It is really hard to get back into blogging when you haven't done it in a while. Over the past few days I have thought of blogging about various things but I kept thinking, "I haven't blogged in so long, what a stupid thing to write about." It is almost like starting new- I have the same feelings of insecurity. How stupid. Part of me thinks, If I feel this way I should just not make my blog public. The other part of me thinks that I enjoy getting feedback from my friends and family who read it and mention different posts to me. I have also enjoyed making various "friends" in the blogosphere.

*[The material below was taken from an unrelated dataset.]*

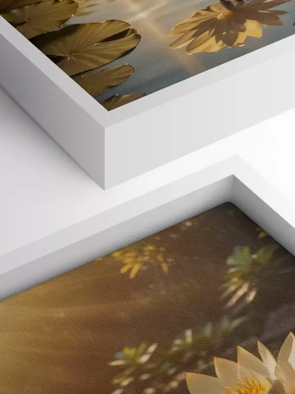 Glezna Balti lotosa ziedi, kas peld uz mierīga dīķa, saulei spīdot, radot mierīgu un klusu atmosfēru s42239

I rarely check my stats page anymore, because I don't care whether I have 10 or 100 hits in a day and I don't really care whether a stranger happens upon this blog and comments that they like it (which isn't to say that if you are a stranger who happens upon this blog you shouldn't comment that you like it...;) ).

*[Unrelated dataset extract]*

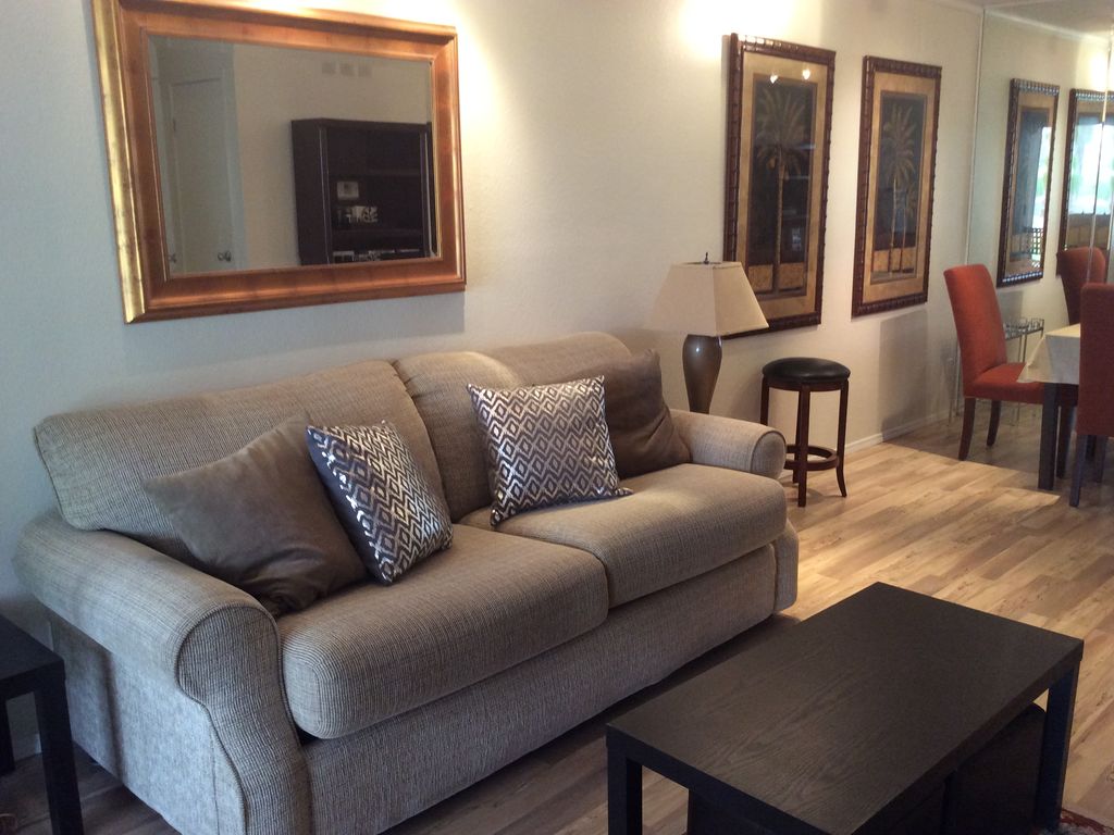 This is a first floor unit, (Ground level ) there are no stairs to worry about. Covered free parking just steps away. The condo, apartment has a 43 TV with standard cable package, a USB port for your Amazon / netflix membership, and has a very good WIFI, also a DVD WIFI player with apps. You will find foot rests under the TV / couch table. There is a remote for the bedroom fan / light on the left side of the bedroom door. We have 10 DVD movies for your use. There is a lot of storage space. Full closet in the bedroom. We have added a small TV that plays only DVDsin the bedrooms, with no cable in the bedrooms.

I am just going to stick to the description at the top of this blog: Nothing too earth shattering, but important to me. I am not going to take myself too seriously. This will make things a whole lot easier!
Oh, a BIG Congratulations to Maphet, the man who makes Baltiblogs possible, and his wife Amy on the birth of their son, Samuel. I hope they enjoy parenthood and all that comes with it!
Posted by peninah at March 16, 2005 07:11 PMI missed your blog! I need to learn to take myself not so seriously...does blogging help?!? Anyway, glad you are back.
Posted by: ez at March 17, 2005 03:43 AMI need to learn not to take myself too seriously. Does blogging help?! Anyway, glad you are back.
Posted by: ez at March 17, 2005 03:45 AMez: where have you been hiding???